• **Your assignment**: Print only the lines running from the line with "Angenommene Großschadenslage bei" to the final line below, both included, exactly as written and without the pictures.

• **Input data**:
********
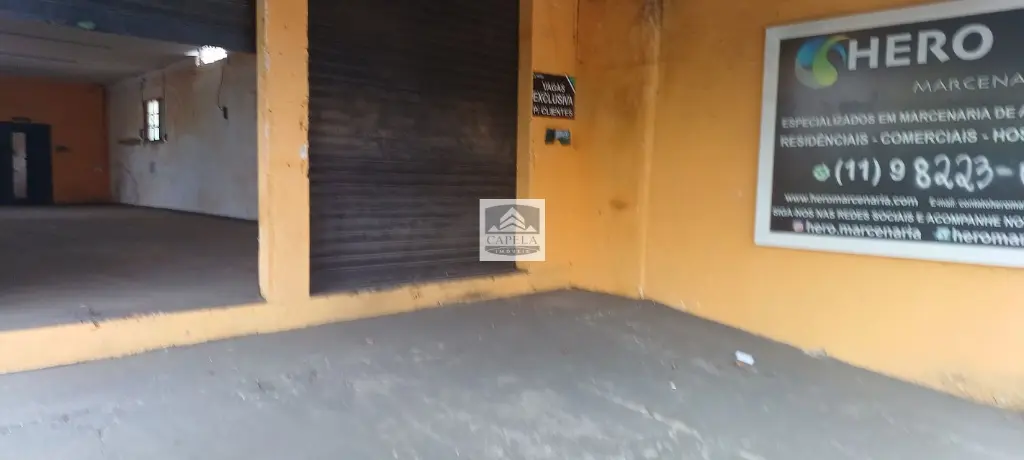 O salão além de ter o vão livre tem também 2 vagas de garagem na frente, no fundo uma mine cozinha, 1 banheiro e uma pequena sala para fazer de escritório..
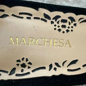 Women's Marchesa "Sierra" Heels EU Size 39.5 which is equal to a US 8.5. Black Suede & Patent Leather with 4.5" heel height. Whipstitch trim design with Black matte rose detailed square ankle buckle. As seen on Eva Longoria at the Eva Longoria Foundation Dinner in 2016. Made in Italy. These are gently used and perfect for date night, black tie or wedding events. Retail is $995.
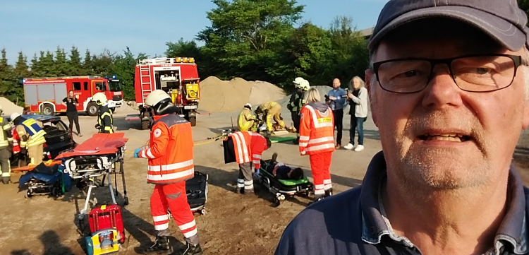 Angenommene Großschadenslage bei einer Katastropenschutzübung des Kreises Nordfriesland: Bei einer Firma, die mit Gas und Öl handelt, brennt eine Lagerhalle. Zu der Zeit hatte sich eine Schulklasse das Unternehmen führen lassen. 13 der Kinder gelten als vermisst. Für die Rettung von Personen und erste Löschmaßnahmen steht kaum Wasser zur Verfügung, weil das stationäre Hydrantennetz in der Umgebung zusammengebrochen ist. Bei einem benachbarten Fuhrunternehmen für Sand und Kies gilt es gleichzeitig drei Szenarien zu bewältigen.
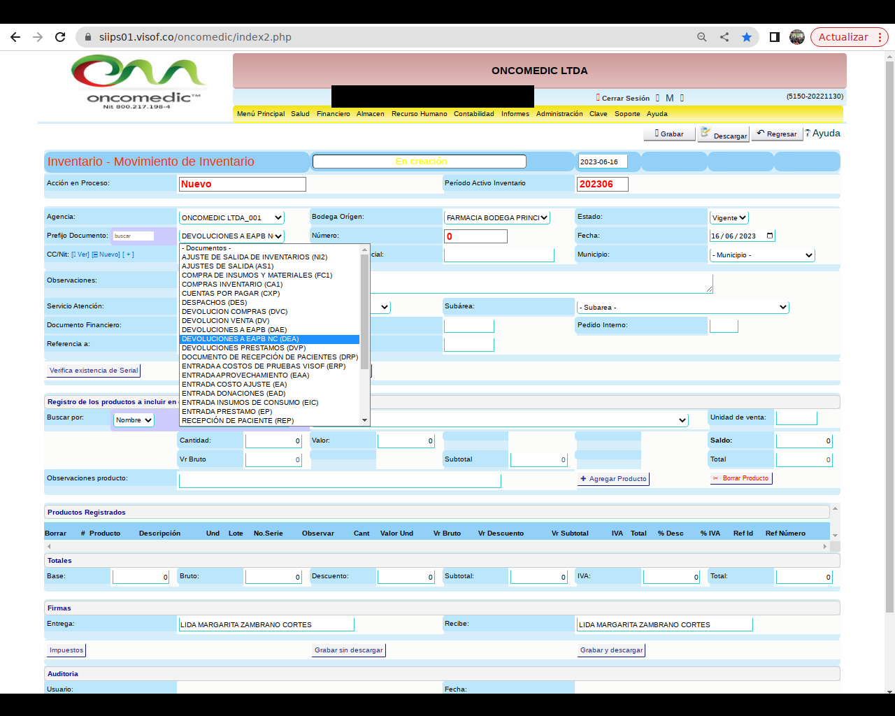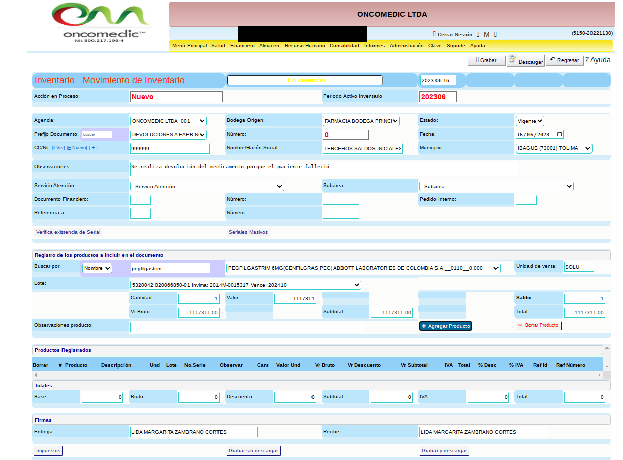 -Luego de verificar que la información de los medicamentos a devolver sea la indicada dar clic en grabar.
********
• **Answer to the exercise**:
 Angenommene Großschadenslage bei einer Katastropenschutzübung des Kreises Nordfriesland: Bei einer Firma, die mit Gas und Öl handelt, brennt eine Lagerhalle. Zu der Zeit hatte sich eine Schulklasse das Unternehmen führen lassen. 13 der Kinder gelten als vermisst. Für die Rettung von Personen und erste Löschmaßnahmen steht kaum Wasser zur Verfügung, weil das stationäre Hydrantennetz in der Umgebung zusammengebrochen ist. Bei einem benachbarten Fuhrunternehmen für Sand und Kies gilt es gleichzeitig drei Szenarien zu bewältigen.
 -Luego de verificar que la información de los medicamentos a devolver sea la indicada dar clic en grabar.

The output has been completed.